The harddisks are tested weekly with a full SMART test and they are okay.
The machine is attached to a UPS and therefore never suffered a hard reset.
Also, the memory was tested with memtest86+.

Nevertheless, the kernel reports XFS problems:

Sep 10 10:01:00 server kernel: [379001.376989] XFS (dm-0): xfs_da_do_buf: bno 0 dir: inode 3045868
Sep 10 10:01:00 server kernel: [379001.377011] XFS (dm-0): [00] br_startoff 0 br_startblock -2 br_blockcount 1 br_state 0
Sep 10 10:01:00 server kernel: [379001.377032] XFS (dm-0): Internal error xfs_da_do_buf(1) at line 2011 of file /build/buildd/linux-3.2.0/fs/xfs/xfs_da_btree.c. Caller 0xffffffffa01feeef
Sep 10 10:01:00 server kernel: [379001.377033]

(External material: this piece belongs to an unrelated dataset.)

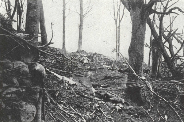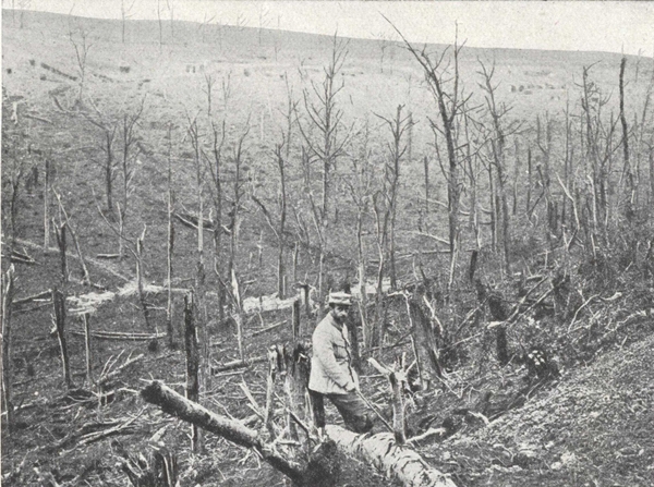 The stationary warfare assumed a special character in the Argonne. Lanes and footpaths formed the only breaks in the impenetrable thickets. There were no gentle slopes, no convenient firing positions for the infantry, no observation posts for the artillery—everything was concealed by the thick foliage.

Sep 10 10:01:00 server kernel: [379001.377069] Pid: 26624, comm: updatedb.mlocat Tainted: G C 3.2.0-30-generic #48-Ubuntu
Sep 10 10:01:00 server kernel: [379001.377071] Call Trace:
Sep 10 10:01:00 server kernel: [379001.377089] [<ffffffffa01cb6bf>] xfs_error_report+0x3f/0x50 [xfs]

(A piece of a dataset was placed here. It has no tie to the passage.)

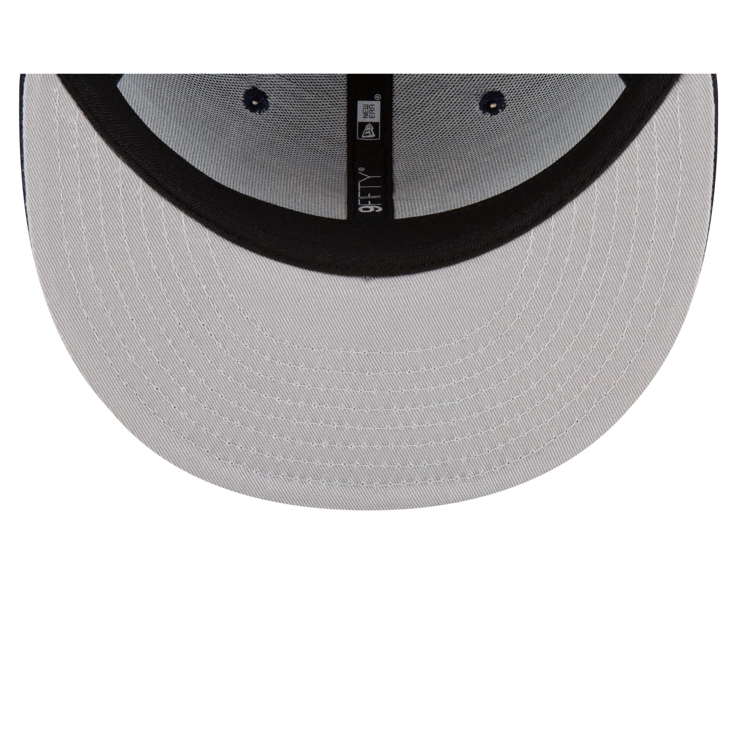 The Houston Texans Basic Navy 9FIFTY Snapback Cap features an embroidered Texans logo at the front panels with a gray undervisor and a snapback closure at the rear.

Sep 10 10:01:00 server kernel: [379001.377099] [<ffffffffa01feeef>] ? xfs_da_reada_buf+0x2f/0x40 [xfs]
Sep 10 10:01:00 server kernel: [379001.377108] [<ffffffffa01fea12>] xfs_da_do_buf+0x182/0x630 [xfs]
Sep 10 10:01:00 server kernel: [379001.377117] [<ffffffffa01feeef>] xfs_da_reada_buf+0x2f/0x40 [xfs]
Sep 10 10:01:00 server kernel: [379001.377124] [<ffffffffa01cbdc8>] xfs_dir_open+0x68/0x80 [xfs]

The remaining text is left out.